##### Material shown
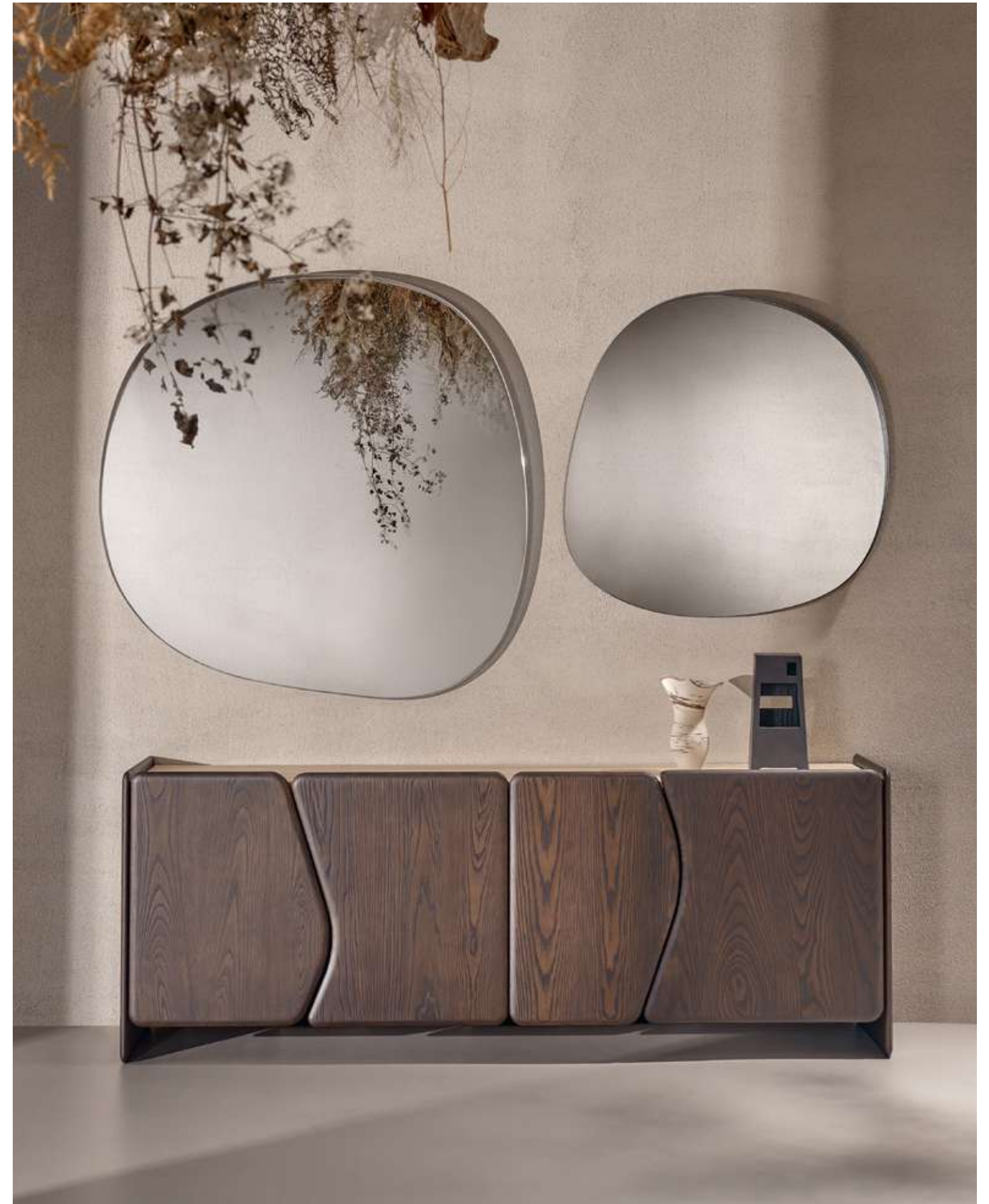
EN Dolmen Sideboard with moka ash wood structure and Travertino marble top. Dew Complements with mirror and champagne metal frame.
##########
##### Material shown
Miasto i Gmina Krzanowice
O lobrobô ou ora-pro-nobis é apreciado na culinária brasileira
##########
**Problem requirements**
Using the data above, reproduce exactly the lines from the line that contains "Miasto i Gmina Krzanowice" through the line that contains "O lobrobô ou", including both.

**Answer**
Miasto i Gmina Krzanowice
O lobrobô ou ora-pro-nobis é apreciado na culinária brasileira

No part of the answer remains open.